3.3. Why aren’t people using it
State machines have been developed for decades and, as mentioned above, are used in a wide variety of scenarios, such as electronics, embedded, gaming, communications, etc. Why is the front end less used?
In addition to some points in the above list of “some problems brought”, I think there are also the following problems caused by:
- Lack of tutorial books: Now search for front-end books or tutorials on state diagrams, and the results will tell you 0. There is very little data (there is a lot of embedded state machine data).
- The “do it the easiest way” mentality: Many people like to use
if/else/switch
To solve the problem. - The “You think you don’t need it” mentality: complexity in every one
flag
Variables and booleans. Just as a frog in warm water does not notice a slow rise in temperature, developers do not notice the creep of complexity. Works fine on some small systems, but gets messy as the system iterates and gets biggerif/else/switch
Statement, which modifies the state of various variables in an attempt to maintain their consistency.

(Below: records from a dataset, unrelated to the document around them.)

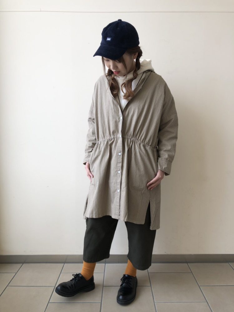 model:H160cm 【前開きOP長袖】 No.129-852-1069688 Size.F Col.グレー、ベージュ(着用)、マスタード、ブルー OUTLET PRICE¥3,900+税 パーカーを中に重ねて着ても ボリュームが出過ぎず、 綺麗なシルエットで着られますよ♪ チェック柄・ストライプ柄どちらも ウエスト部分は紐で調整する事が出来ます!
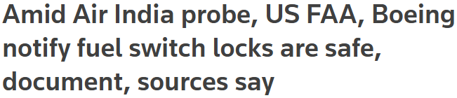 ## FAA·보잉, 에어인디아 사고 조사 중 '연료 스위치 안전' 결론 ([원문](https://www.reuters.com/business/aerospace-defense/amid-air-india-probe-us-faa-boeing-notify-fuel-switch-locks-are-safe-document-2025-07-13/))
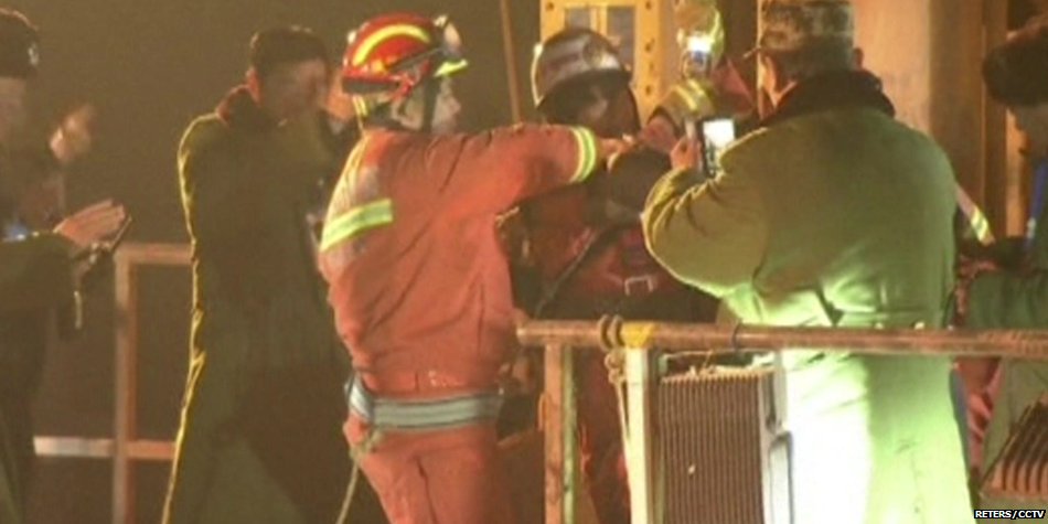 Pictures show Chinese miners rescued 36 days after Shandong mine collapse http://bbc.in/1PmZ0R0 pic.twitter.com/smcTMsEmPM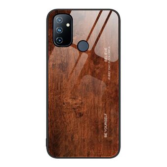 Για OnePlus Nord N100 Wood Grain γυαλί προστατευτική θήκη (σκούρο καφέ)
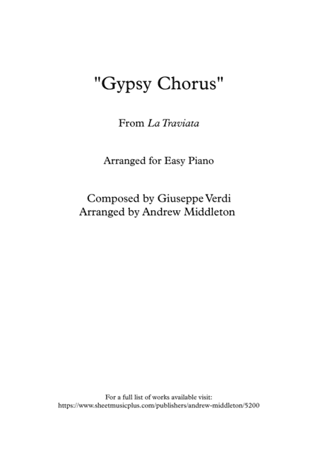 Gypsy Chorus arranged for Easy Piano (arr. Andrew Middleton)

It’s like you don’t need a state machine until it’s too late. - Like RxJS, functional programming, everybody knows it’s good, but they just don’t use it.
3.3. Summarize
No solution will solve everything, so find the right scenario. At this point, however, the state machine is really the best tool I’ve seen for solving complex business logic.
If the problems mentioned in the article also happen around you, and can not be completely solved, it is recommended that you can try, maybe you will have a surprise.